- MATERIAL PROVIDED -
:::

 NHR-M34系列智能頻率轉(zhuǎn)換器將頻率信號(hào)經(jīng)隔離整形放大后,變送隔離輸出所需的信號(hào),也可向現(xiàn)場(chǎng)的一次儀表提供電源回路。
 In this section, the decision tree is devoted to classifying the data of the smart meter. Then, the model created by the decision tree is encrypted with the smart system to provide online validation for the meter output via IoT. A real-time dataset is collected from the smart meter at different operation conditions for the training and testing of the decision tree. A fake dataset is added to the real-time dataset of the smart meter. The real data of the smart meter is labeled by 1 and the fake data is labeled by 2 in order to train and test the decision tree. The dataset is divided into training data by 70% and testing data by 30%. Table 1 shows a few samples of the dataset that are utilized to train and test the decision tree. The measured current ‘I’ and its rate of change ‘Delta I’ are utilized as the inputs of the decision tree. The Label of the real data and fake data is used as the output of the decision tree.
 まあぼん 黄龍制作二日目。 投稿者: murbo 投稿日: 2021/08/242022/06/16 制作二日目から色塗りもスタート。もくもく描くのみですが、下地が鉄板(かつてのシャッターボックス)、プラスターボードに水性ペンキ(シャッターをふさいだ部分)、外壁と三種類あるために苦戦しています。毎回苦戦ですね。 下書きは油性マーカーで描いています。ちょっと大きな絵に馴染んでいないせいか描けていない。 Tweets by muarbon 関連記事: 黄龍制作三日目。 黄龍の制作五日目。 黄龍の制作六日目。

:::

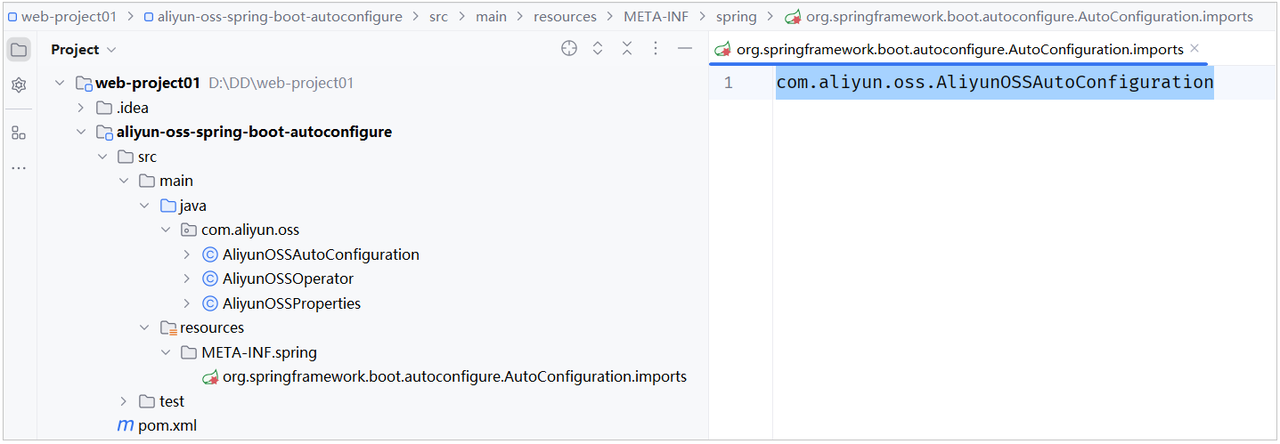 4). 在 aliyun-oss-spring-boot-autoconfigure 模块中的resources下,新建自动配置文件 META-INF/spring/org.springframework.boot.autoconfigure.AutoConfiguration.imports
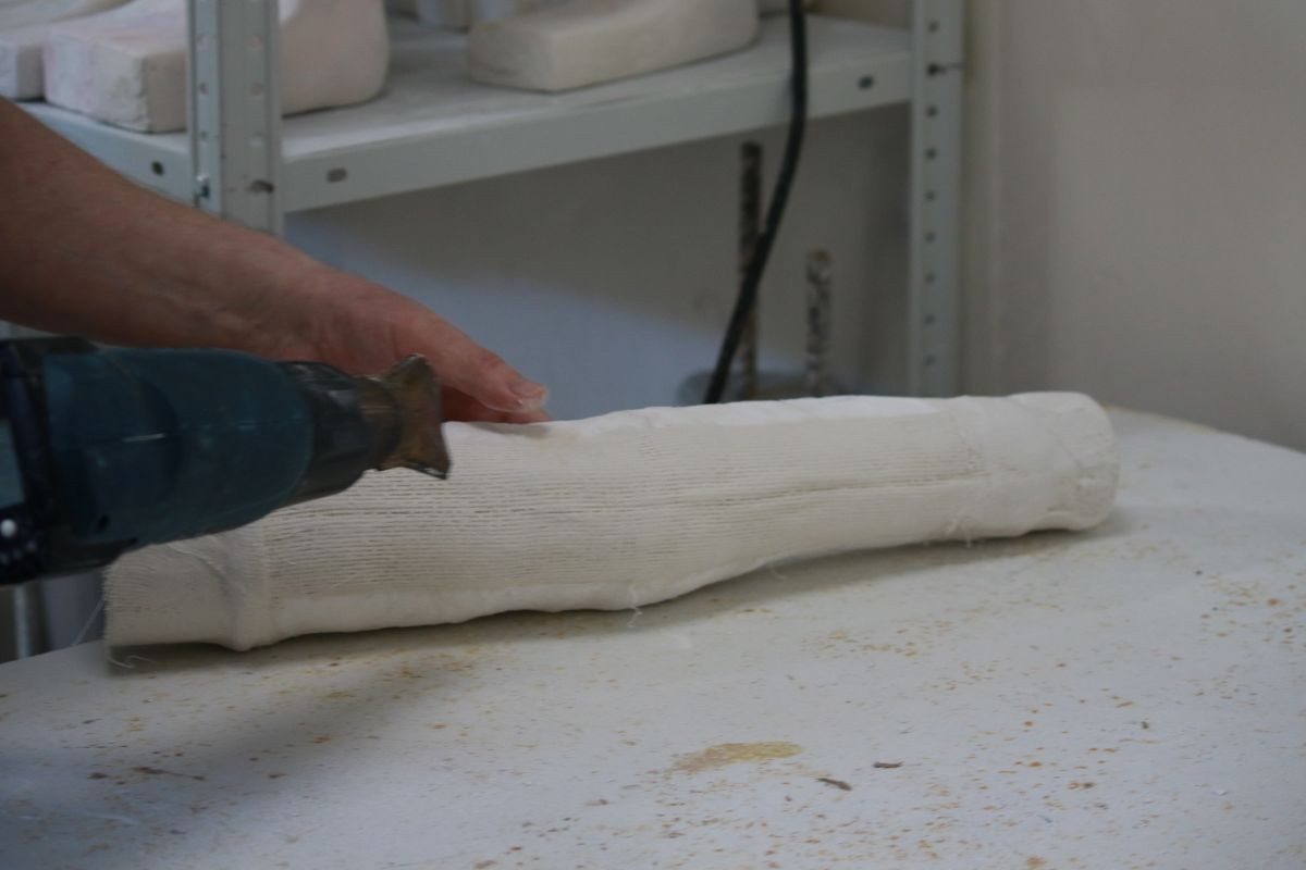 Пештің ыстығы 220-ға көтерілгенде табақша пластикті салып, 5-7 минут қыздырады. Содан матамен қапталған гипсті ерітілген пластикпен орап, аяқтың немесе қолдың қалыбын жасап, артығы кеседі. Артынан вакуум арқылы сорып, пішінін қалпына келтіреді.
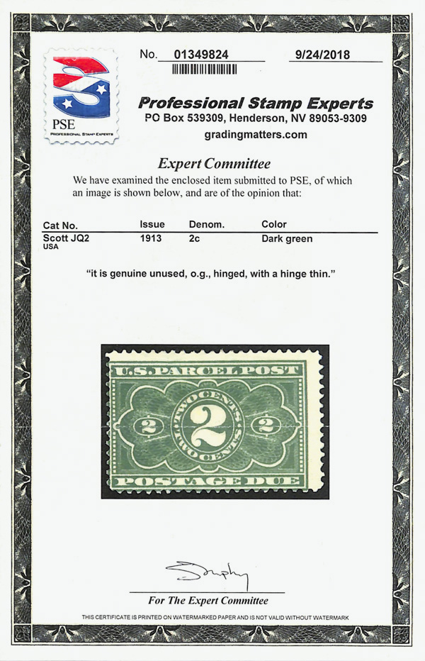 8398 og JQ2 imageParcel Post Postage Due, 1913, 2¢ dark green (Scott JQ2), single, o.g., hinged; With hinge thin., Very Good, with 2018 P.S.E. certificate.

:::

All that is wanted is the lines above between the one containing "4). 在 aliyun-oss-spring-boot-autoconfigure" and the one containing "8398 og JQ2", inclusive, restated word for word, with pictures omitted.

- EXERCISE OUTPUT -
 4). 在 aliyun-oss-spring-boot-autoconfigure 模块中的resources下,新建自动配置文件 META-INF/spring/org.springframework.boot.autoconfigure.AutoConfiguration.imports
 Пештің ыстығы 220-ға көтерілгенде табақша пластикті салып, 5-7 минут қыздырады. Содан матамен қапталған гипсті ерітілген пластикпен орап, аяқтың немесе қолдың қалыбын жасап, артығы кеседі. Артынан вакуум арқылы сорып, пішінін қалпына келтіреді.
 8398 og JQ2 imageParcel Post Postage Due, 1913, 2¢ dark green (Scott JQ2), single, o.g., hinged; With hinge thin., Very Good, with 2018 P.S.E. certificate.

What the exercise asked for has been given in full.